Xiu-Chun Yi, Fu-Gui Xi, Yan Qi, En-Qing Gao
RSC advances 2014 v.5 no.2 pp. 893-900
active sites, alkynes, benzaldehyde, catalytic activity, condensation reactions, coordination polymers, dicarboxylic acids, ligands, temperature, triazoles, zirconium
An azido-functionalized Zr(ii) metal–organic framework (MOF), UiO-67–N₃, was synthesized from 2-azidobiphenyl-4,4′-dicarboxylic acid. During the synthesis, the ligand can undergo in situ thermocyclization to give 9H-carbazole-2,7-dicarboxylic acid. It proved that UiO-67–N₃ can be obtained at relatively low temperature without ligand transformation. Post-synthetic modification of UiO-67–N₃ was successfully performed via the click reactions between the azido group and different alkyne compounds to produce new MOFs with different functionalities, UiO-67–Tz–X with X = COOCH₃, OH and NH₂. These clicked MOFs, especially UiO-67–Tz–NH₂, exhibit better stability than the mother material UiO-67–N₃. The catalytic properties of the clicked MOFs were studied using the Knoevenagel condensation reactions between benzaldehyde and different methylene compounds.
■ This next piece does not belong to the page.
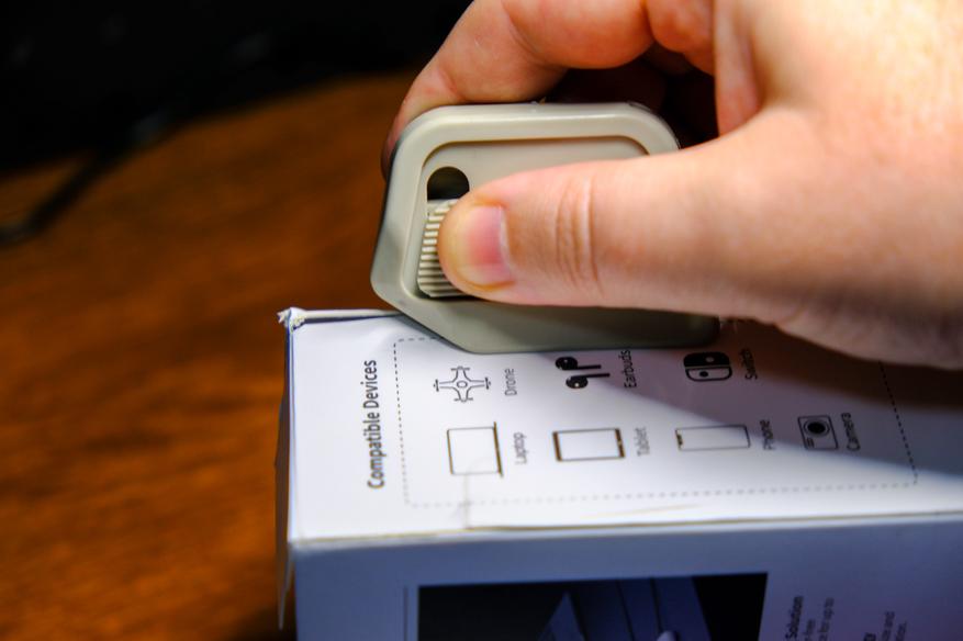 А мы теперь перейдём к тому, как это чудо работает. А работает оно реально хорошо. Вот для примера картонная коробка от зарядного устройства Ugreen (не реклама). Лёгким движением руки, ровно по краю вдоль угла, резак отделает верхнюю часть коробки от ее основания. Рез правда получается не идеально ровным, но нам ведь надо ехать, а не шашечки.

Only the NH₂-functionalized MOF is active, suggesting that the amino group, rather than the triazole group or any other component of the framework, is the crucial active site. The catalysis is heterogeneous. The MOF is recyclable for the reaction with malononitrile but not for the reaction with ethyl cyanoacetate. The deactivation in the latter case is proposed to be because the amino site reacts with the ester group of ethyl cyanoacetate to form amide.